I purchased the reservoir assembly (the new part number) yesterday - cost about $160, and should be here this week.

Worth noting, the Chilton manual specifies draining the tank to replace the reservoir, though I'm not entirely sure why, as it is on top. Other than that, it doesn't _look_ too difficult. I suppose we'll see once I have at it.


----------



## mr overkill (Dec 1, 2013)

Welcome to the "not covered emission" boat i bought this car high high hopes and will be my last gm product never had soooo many issues with parts and to be frank all are emission related issues but gm says its a non emission covered issue


----------



## diesel (Jun 8, 2013)

MP81 said:


> Yeah, that might do it (how long does it usually need to be disconnected for?). If you let the car sit for about an hour or so and come back, turn the ignition on, but don't start the car, it doesn't block your access to the DIC, or show you the permanent screens until you start the car.
> 
> I purchased the reservoir assembly (the new part number) yesterday - cost about $160, and should be here this week.
> 
> Worth noting, the Chilton manual specifies draining the tank to replace the reservoir, though I'm not entirely sure why, as it is on top. Other than that, it doesn't _look_ too difficult. I suppose we'll see once I have at it.


Not sure how long. I seem to remember 1 hour. Keep us posted on what you do and how it turns out.


----------



## MP81 (Jul 20, 2015)

Won't reset all my stuff, will it (oil life, trip odometer, etc)?

Will do. Seller says the reservoir should ship today.


----------



## Chris Tobin (Feb 23, 2016)

MP81 said:


> Won't reset all my stuff, will it (oil life, trip odometer, etc)?
> 
> Will do. Seller says the reservoir should ship today.


I don't know about the oil life monitor, but I would expect it to reset the trip odometers for sure...


----------



## diesel (Jun 8, 2013)

MP81 said:


> Won't reset all my stuff, will it (oil life, trip odometer, etc)?
> 
> Will do. Seller says the reservoir should ship today.


Good question.

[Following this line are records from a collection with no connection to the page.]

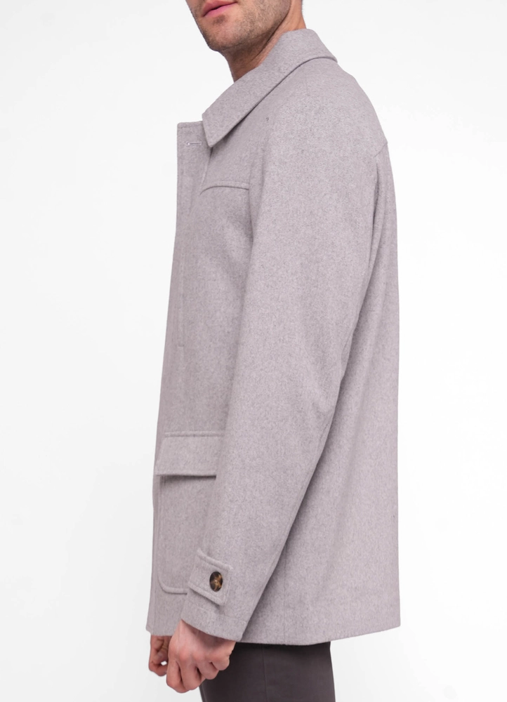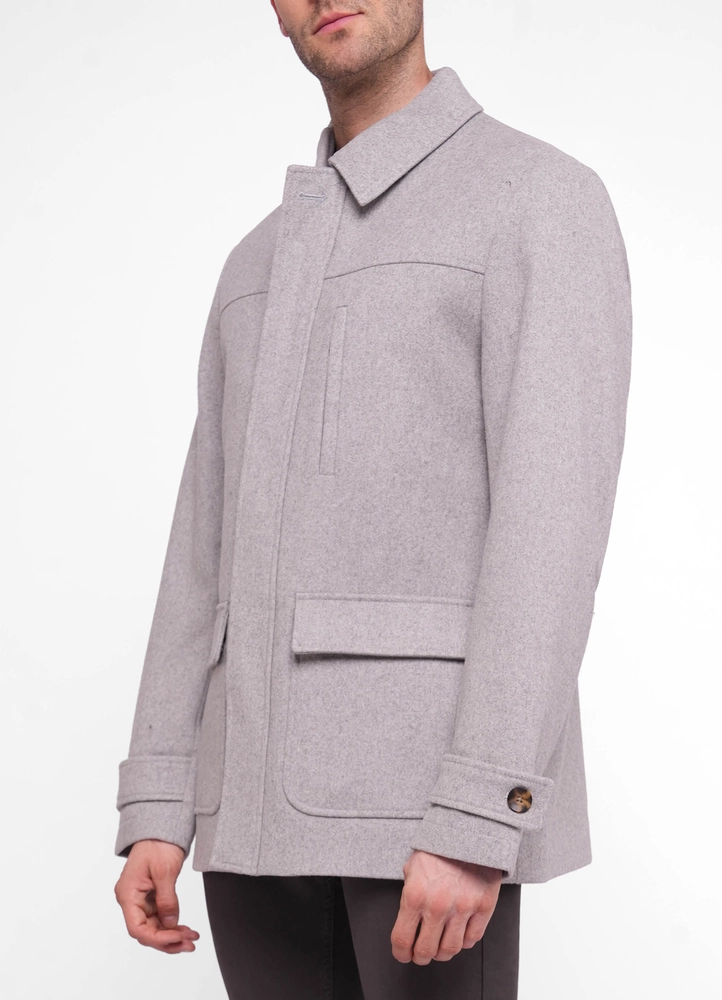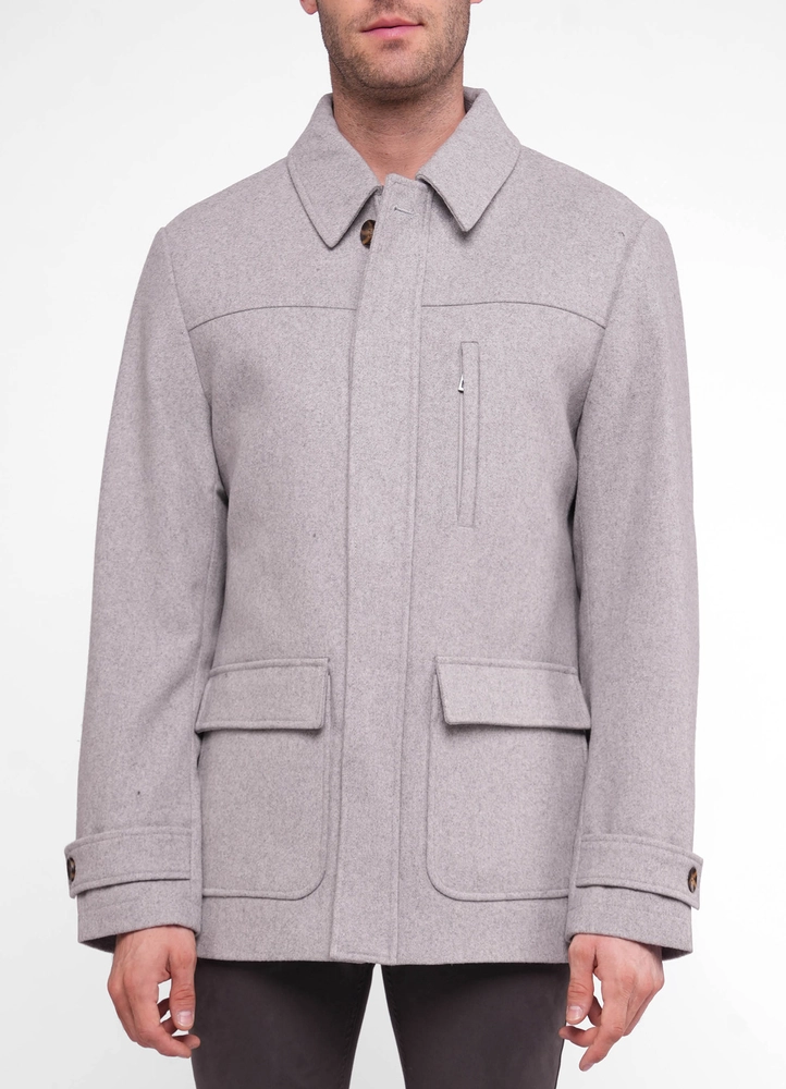 Lio outdoor wool coat with two patch pockets and zipped pocket on chest and collar.
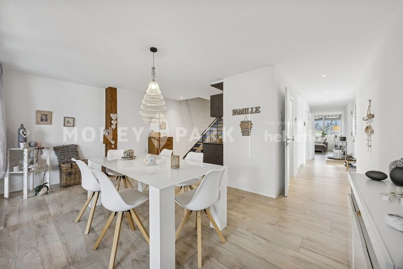 Le premier étage présente une organisation harmonieuse entre les espaces de vie. Le salon bénéficie d'une bonne luminosité et d'un agencement confortable, tandis que la salle à manger est située à l'opposé. La cuisine, aménagée et équipée, se situe entre les deux, le long du couloir. Un dégagement ainsi qu'un WC visiteurs séparé complètent ce niveau.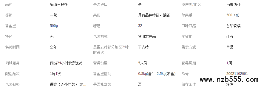 馬來西亞貓山王無核榴蓮果肉(果泥)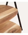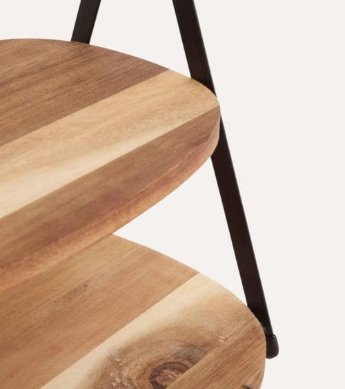 Su diseño moderno se basa en una estructura robusta fabricada en metal negro con acabado resistente, que garantiza estabilidad y durabilidad. Los dos niveles están elaborados con madera natural de acacia, reconocida por su belleza y resistencia, aportando un toque cálido y rústico que contrasta armoniosamente con el metal.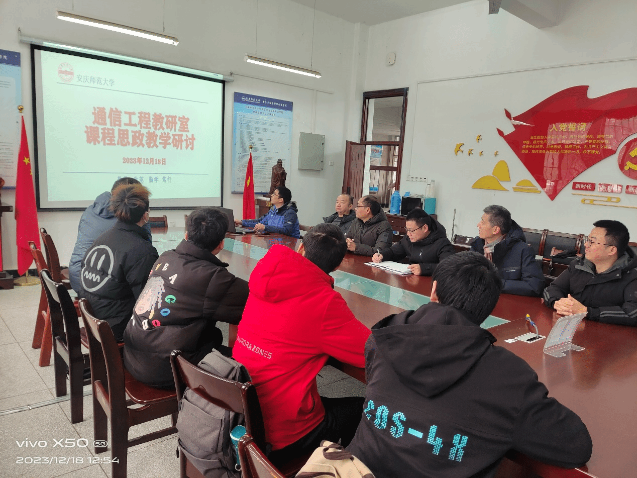 12月18日,通信工程教研室在稼先楼南119会议室教室开展课堂思政教学的集体备课活动,探讨课堂教学组织与教案设计,学院副院长黄忠、学院学术委员会刘全金教授参加会议,通信工程教研室全体教师老师和学生代表参加了此次活动。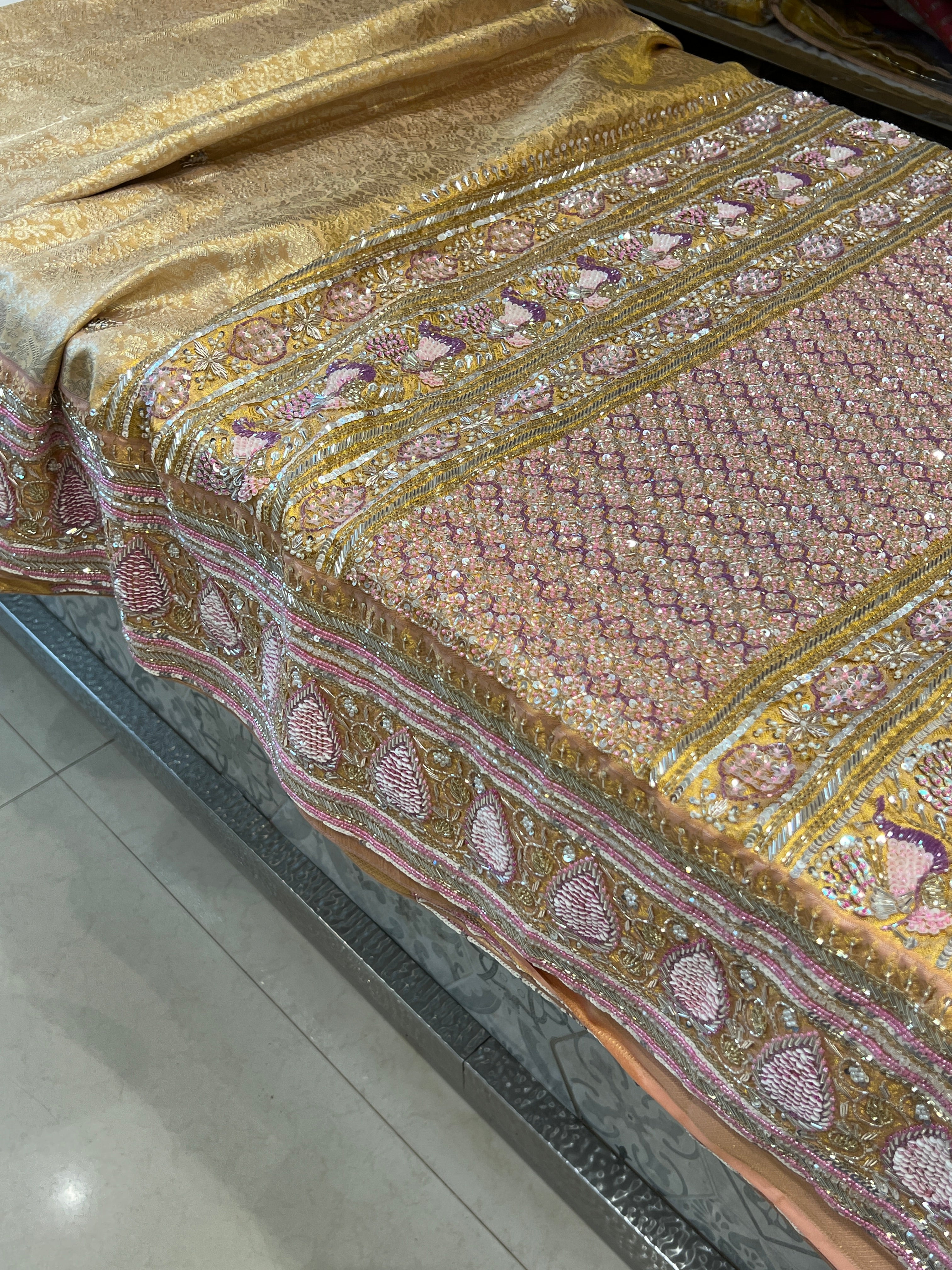 Tissue Maharani Style Gota Zardosi Hand Embroidery Butta Saree

I would think that everything would return to factory default.


----------



## MP81 (Jul 20, 2015)

I know on my Cobalt, I've had the battery be dead for a few days in the winter (before I remember to throw it on the trickle charger), and my oil life, trip odometer, average fuel economy, etc are all retained - only the radio loses its memory.


----------



## MP81 (Jul 20, 2015)

Worth mentioning - that recall we saw earlier for the O2 and NOX1, isn't appearing anymore.

Also, I was contacted by the GM Executive office yesterday/today, so we'll see where that goes - from what it sounded like, she wasn't getting my point that we shouldn't have to pay for any of this and that GM should cover the costs for a vehicle that is still relatively new. For the time being - seeing what assistance can be provided with the cost if the dealer fixes it will work I guess.


----------



## IndyDiesel (May 24, 2015)

To only cover emissions related issues on a new system for only 2 years 24k miles with all the problems that have occurred is insane. They cover the radio for longer than the complicated emissions issues. They obviously are not committed to making a diesel car be a real viable option for the general public.:uhh::angry:


----------



## MP81 (Jul 20, 2015)

Exactly. I expressed a few times that we're basically guinea pigs - which I'm fine with. I knew that when we bought the car. 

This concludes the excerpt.